U.S. Fails Math

U.S. Fails Math – Brief Article

Keisha-Gaye Anderson

It was most likely your favorite grade-school teacher who attentively assisted you in solving arithmetic equations–but she probably shouldn’t have. New research suggests that American educators don’t let students learn to solve problems on their own–causing kids to score lower in math than their Japanese counterparts.

In a 1997 study funded by the U.S. Department of Education, James Stigler, Ph.D., of the University of California at Los Angeles, and James Hiebert, Ph.D., from the University of Delaware, analyzed videotapes of 231 eighth-grade math classes in Germany, Japan and the United States over one year.

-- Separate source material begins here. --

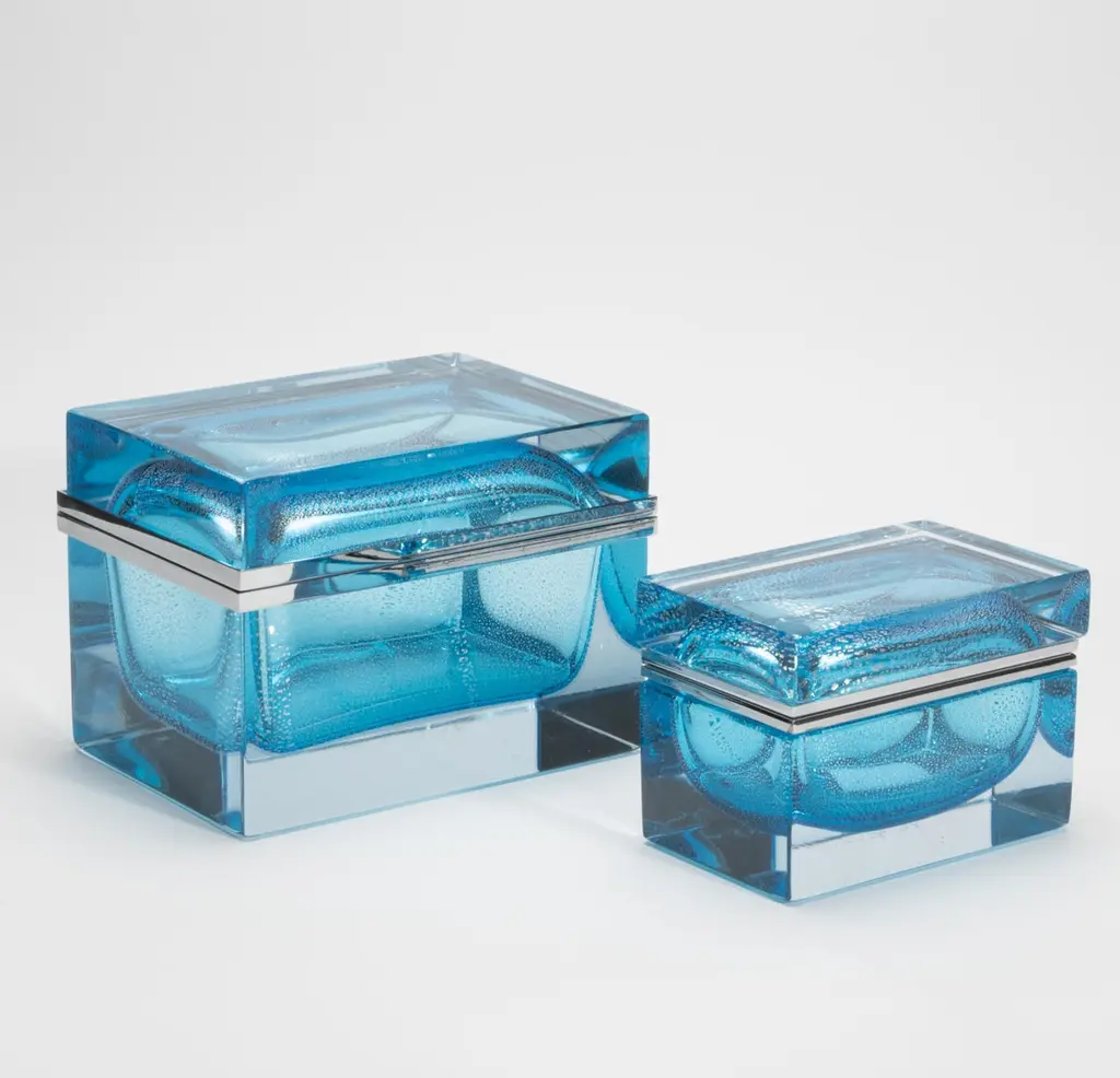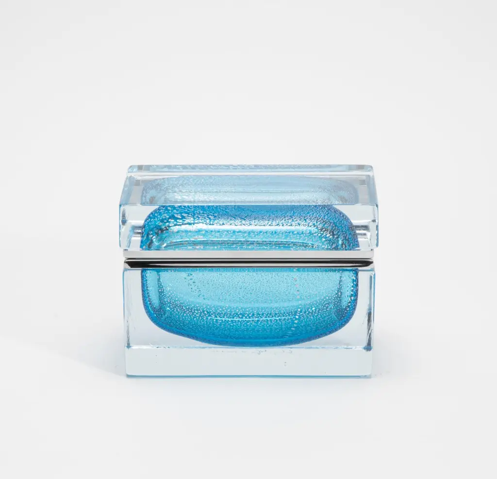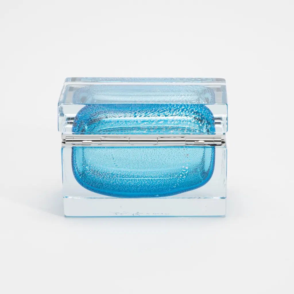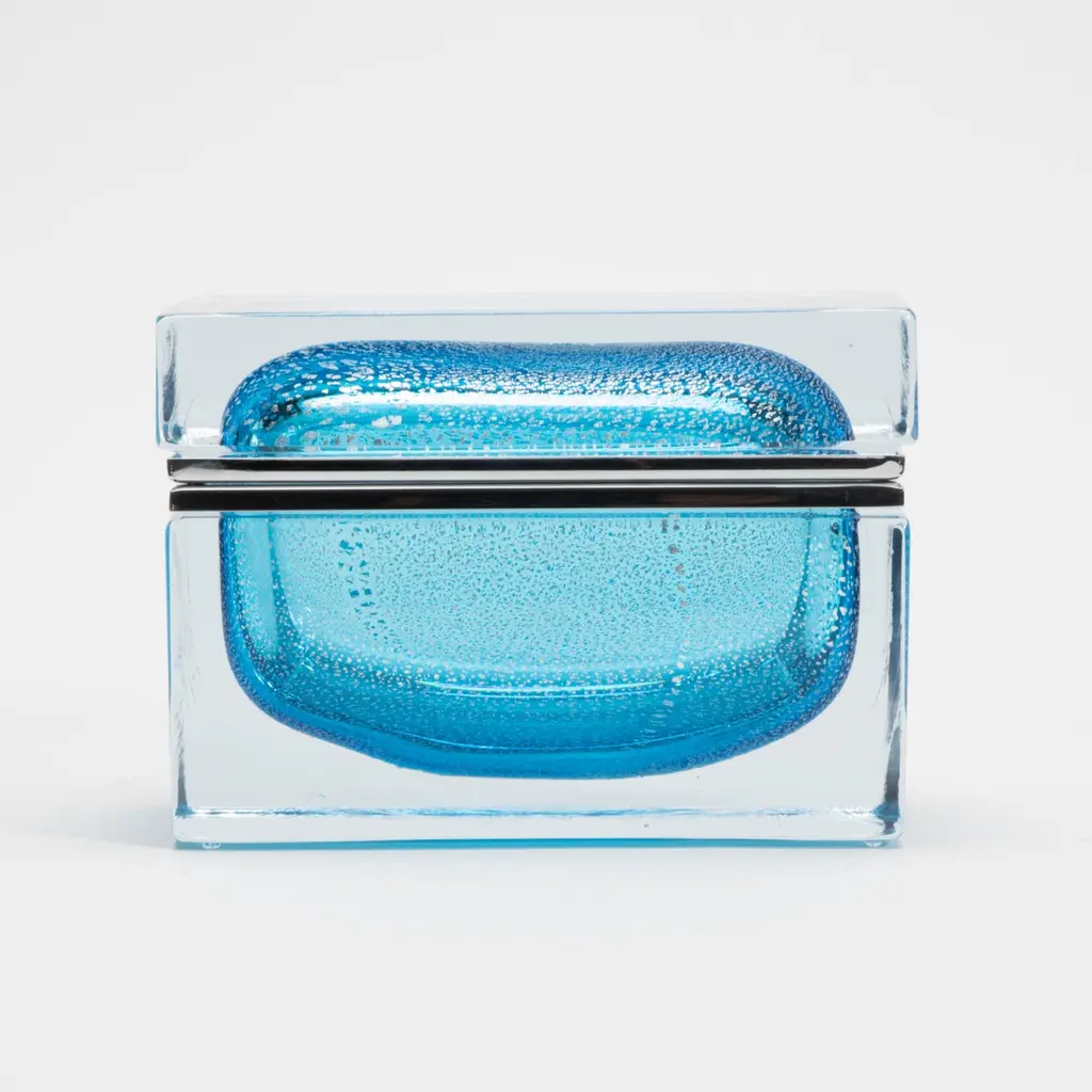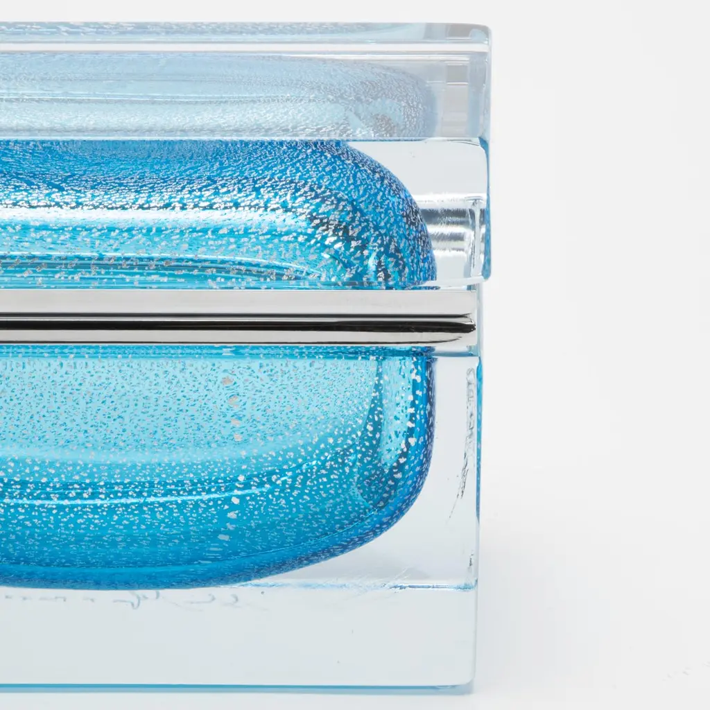 An exquisite showcase of contemporary Murano craftsmanship, this hand-blown giant box in aqua blue is a sculptural treasure that blends clarity, luminosity, and refinement. Encased in a thick, crystal-clear silhouette with softly rounded corners, the box features a mesmerizing play of silver leaf flecks that appear to drift in suspension—evoking sea foam caught in motion. The vibrant aquatic hue glows with a serene radiance, beautifully offset by the high-polish chrome frame that outlines the hinged lid with tailored precision. Every angle reveals new depths, where light refracts through undulating inner contours, creating a liquid-like effect that feels both architectural and ethereal. Entirely handmade in Italy and signed by the artisan, this functional objet d’art transcends its utilitarian form. Whether styled on a console, nightstand, or within a curated vitrine, it lends a refined splash of color and an unmistakable air of bespoke Italian luxury to any sophisticated interior.

As reported in their recent book, The Teaching Gap (Free Press, 1999), the researchers found that American teachers spent 90% of class time going over procedures, formulas and problem-solving techniques. In Japan, however, students spent over 50% of class time discussing concepts and inventing their own solutions to problems. Although the Japanese students frequently had incorrect answers, Stigler and Hiebert believe they achieved a better understanding of the material than American students, who often quickly forget their memorized facts.

Three years ago, New Jersey-based public-school teacher Bill Jackson adjusted his math curriculum to reflect this research. That year, his eighth-grade students’ standardized test scores increased by 20%; this year, an above-average number entered honors algebra. Jackson says: “To do math, kids must be given a chance to do math.”